Great public outcry followed, and was compared in intensity to the agitation at the time the British and the American militia met at Lexington. It's this comparison that interests The Historical Muse, for clearly the populace was comparing these boardings, searchings and seizures to acts of war. And now that the United States had a navy which had recently demonstrated its power by bringing the Barbary pirates under control, perhaps there was something the new nation could do about these acts.

As far as I can tell, the US Navy consisted of a dozen armed frigates. No one wanted to spend a lot of money on them, but the merchant marine needed to be protected from the pirates and, of course, Britain had relinquished that job in 1783. By 1800 the government had built six ships (not without a lot of opposition) and several more were built "by public subscription" (in Salem, Boston, New York, Philadelphia, and Charleston (USS John Adams, not to be confused with the USS Adams, one of the original built by congress.) One other was a converted prize taken from the French.

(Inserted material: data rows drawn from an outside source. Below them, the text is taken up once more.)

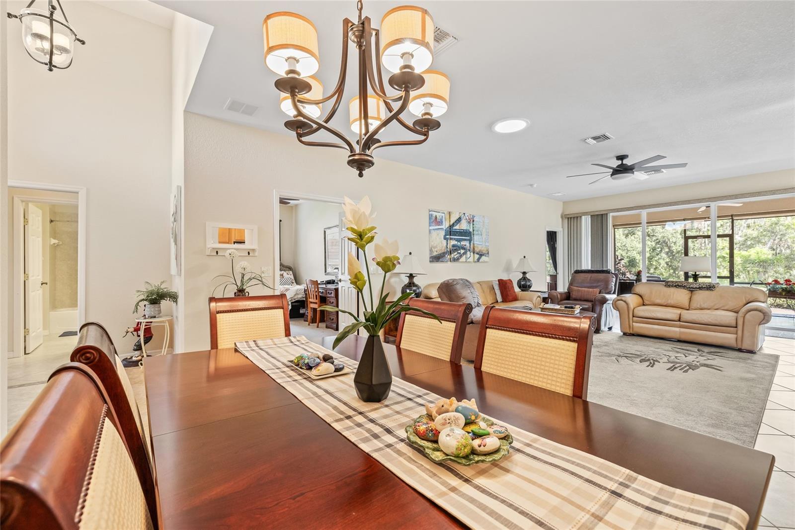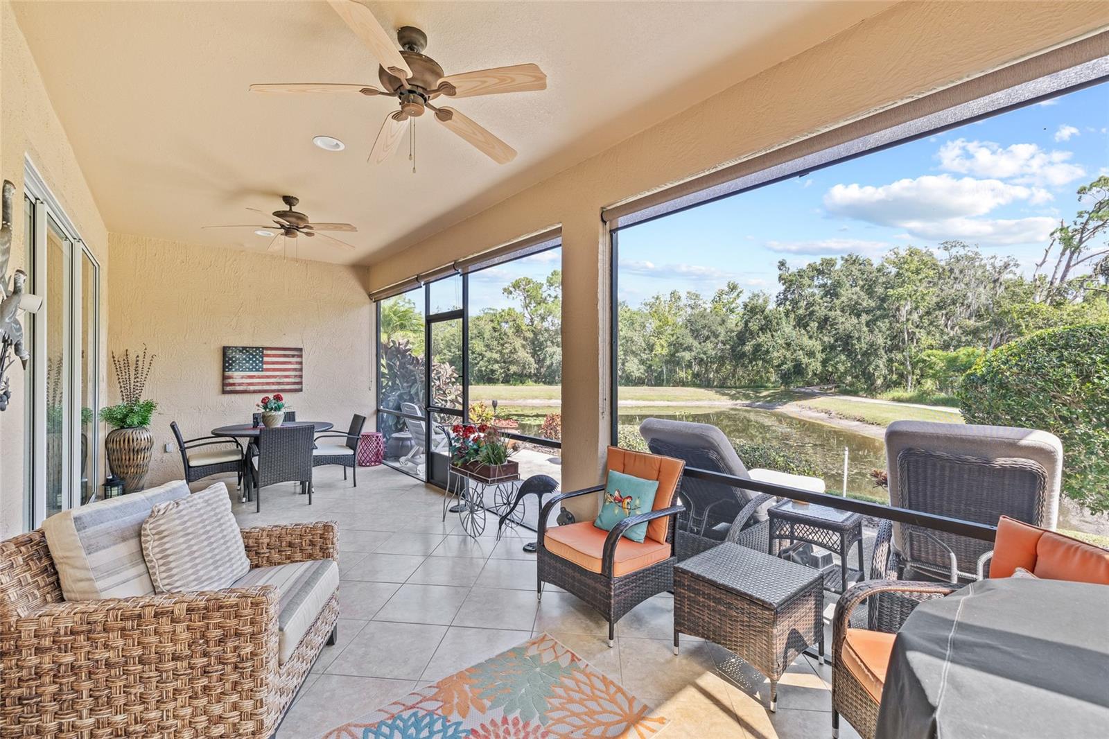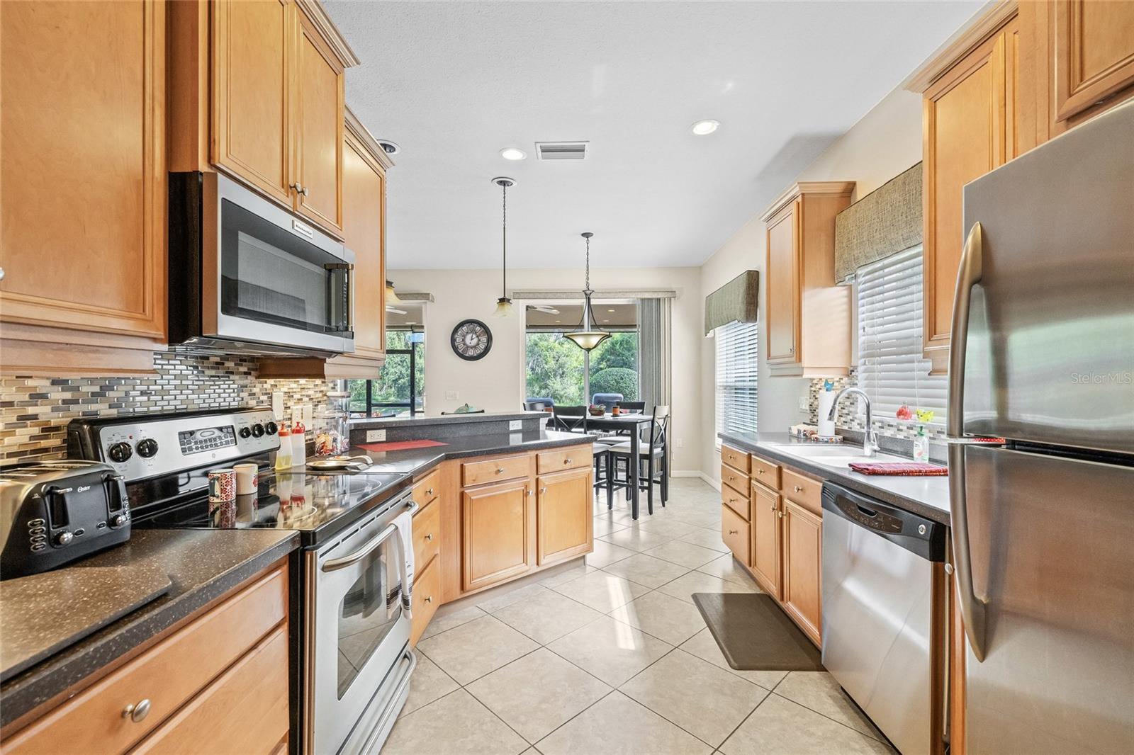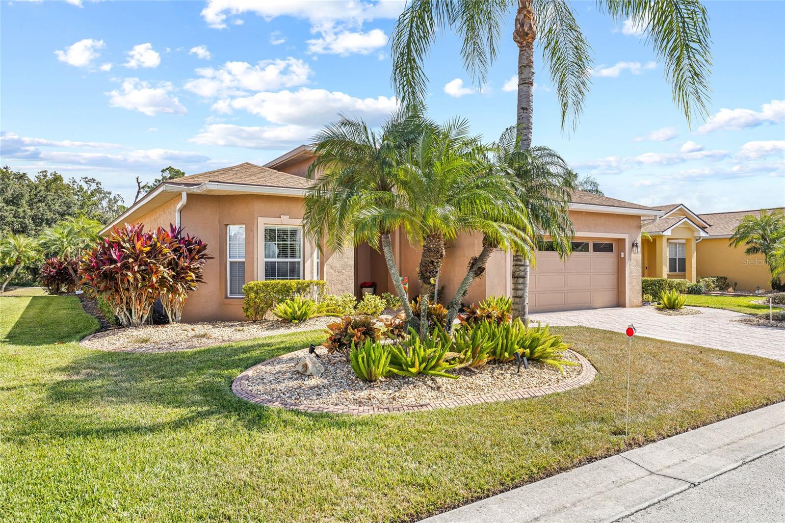 Welcome to the luxurious 55+ golf course community of Lake Ashton! The home is the Biscayne floor plan, consisting of 3 bedrooms and 2 baths and a 2 car garage. The home and garage are accessible with electronic entry for ease. This home has been a winter retreat and only lived in a few months per year. Beautifully installed ceramic tile throughout and carpet in the bedrooms with 9' ceilings create such volume to the space. This home has stainless appliances and solid countertops to compliment the solid wood cabinetry giving it overall elegant feel and spaciousness. The breakfast nook looks into the main living space as well as out to the pond and nature preserve through one of the two 8' sliders giving perfect tranquility to peaceful mornings. No backyard neighbors!! Expansive primary bedroom with soaking tub and dual walk in closets make for the perfect retreat. Home is fully furnished with golf cart in the garage and all items are negotiable with purchase. Come see all that the Lake Ashton community has to offer.
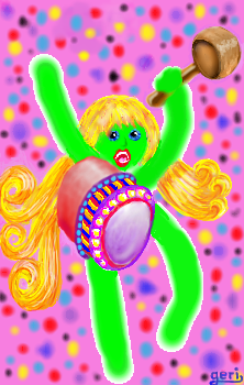 The alien Bear is a visitor to Mars and he loves to play with drums and loud things generally, plus all things sparkly. In fact he loves to have fun and to be full of joy. He spreads joy too..just by being himself, which is nice....as do some people. |
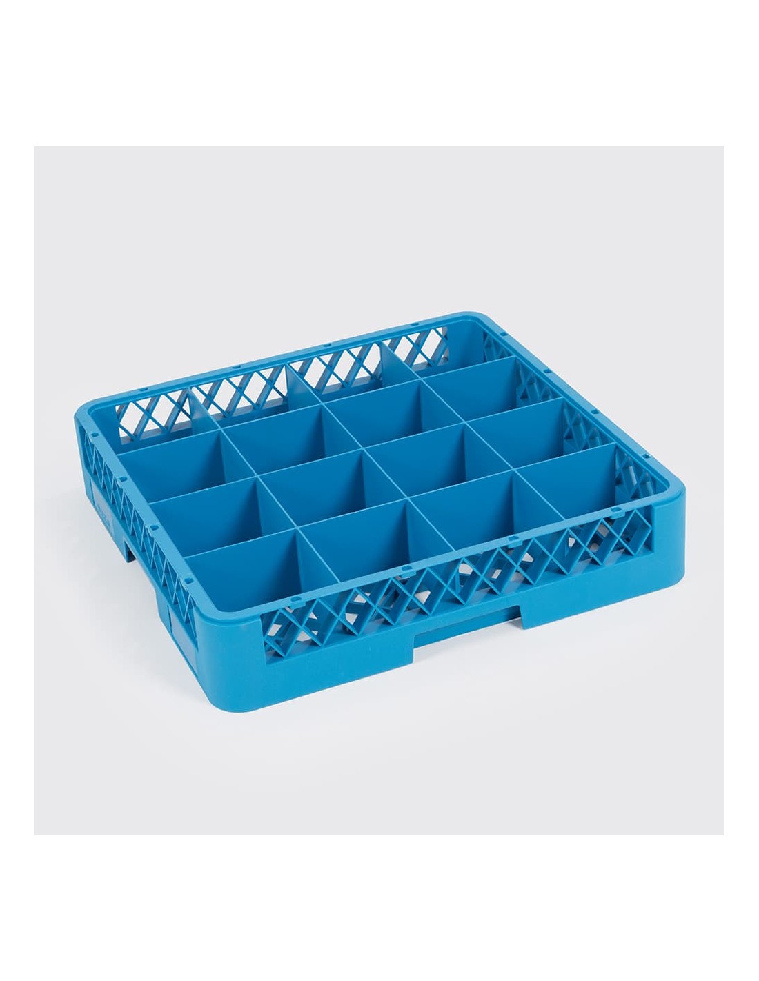 Fabricada con polipropileno de alta resistencia, esta cesta soporta temperaturas de hasta 120°C, lo que la hace ideal para el uso en lavavajillas industriales. Sus 16 compartimentos están diseñados para maximizar el espacio y facilitar el acceso a cada vaso, garantizando un lavado uniforme y una protección adecuada contra golpes y rasguños.
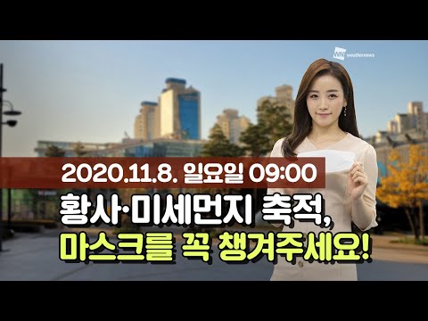 웨더뉴스] 오늘의 미세먼지 예보 (11월 8일 09시 기준) / 휴일 맑고 쌀쌀, 새로운 거리두기 속 도심은?
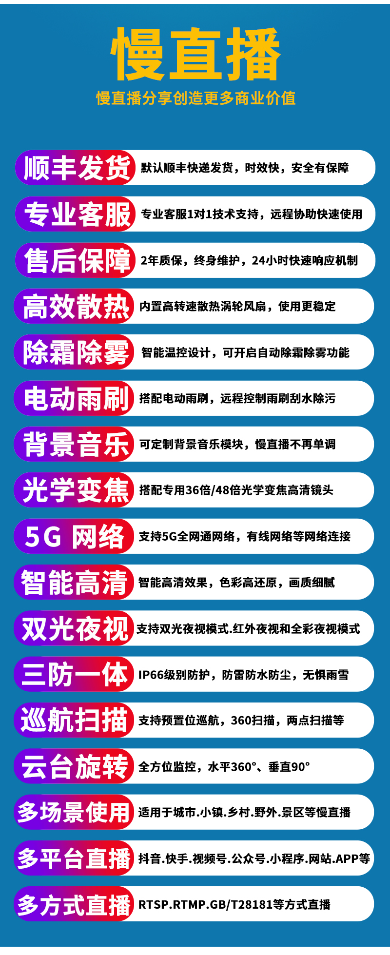 - 1、4K800萬(wàn)6寸5G全彩慢直播智能球機(jī),一個(gè)球機(jī)就是一套慢直播系統(tǒng);水平360度無(wú)限位旋轉(zhuǎn),垂直100度旋轉(zhuǎn);支持256個(gè)預(yù)置位 8組巡航8組掃描,支持水平掃描,2點(diǎn)區(qū)域掃描,隨機(jī)掃描;36倍/48倍光學(xué)變焦,半金屬外觀,IP66防水等級(jí);
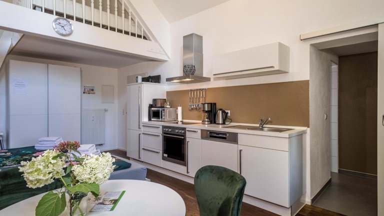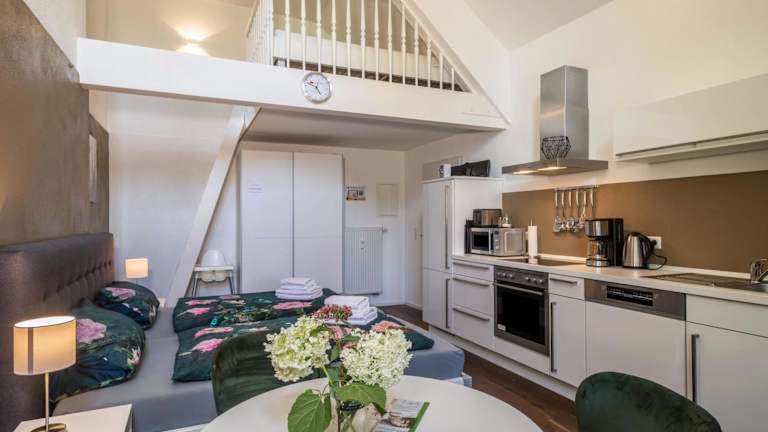 Das Apartment verfügt über eine gut ausgestattete Küche, in der Sie Ihre eigenen Mahlzeiten zubereiten können. Alternativ gibt es in der Nähe verschiedene Restaurants und Cafés, in denen Sie lokale und internationale Spezialitäten genießen können.
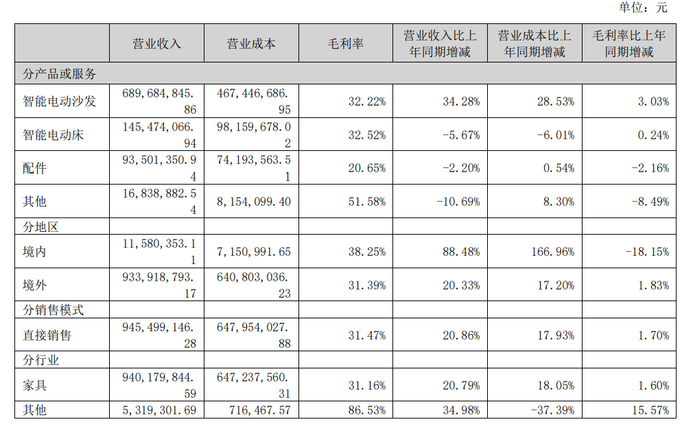 分产品来看,智能电动沙发产品营收6.9亿元,同比增34.28%;智能电动床营收1.45亿元,同比降5.67%;配件产品营收9350.14万元,同比降2.2%。
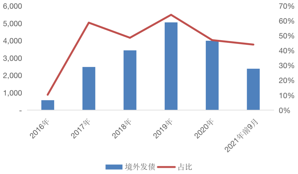 圖:100家典型房企2016-2021年9月境外發債及占比情況(單位:億元)
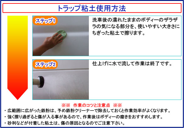 ◎ 洗車の後などボディーが濡れた状態のままザラザラの気になる箇所を粘土でこすり、水で流すだけでOK!ボディーを触れば効果はすぐに実感できます!

Clearly the American public thought this was a sufficient force to take on the British Navy, and many people called for war then and there. Had the president, Thomas Jefferson, agreed, then it's likely the most notable aspect of the War of 1812 in New England, secession, would have been avoided. The nation, still a collection of individual states without a real sense of identity as a Union, seems to have coalesced at this juncture. Jefferson preferred economic war, probably thinking we weren't in a really good position to take on the most powerful navy in the world. He was probably right, but most definitely he was wrong in his declaration of economic war the following year, which is the next subject we will Muse about.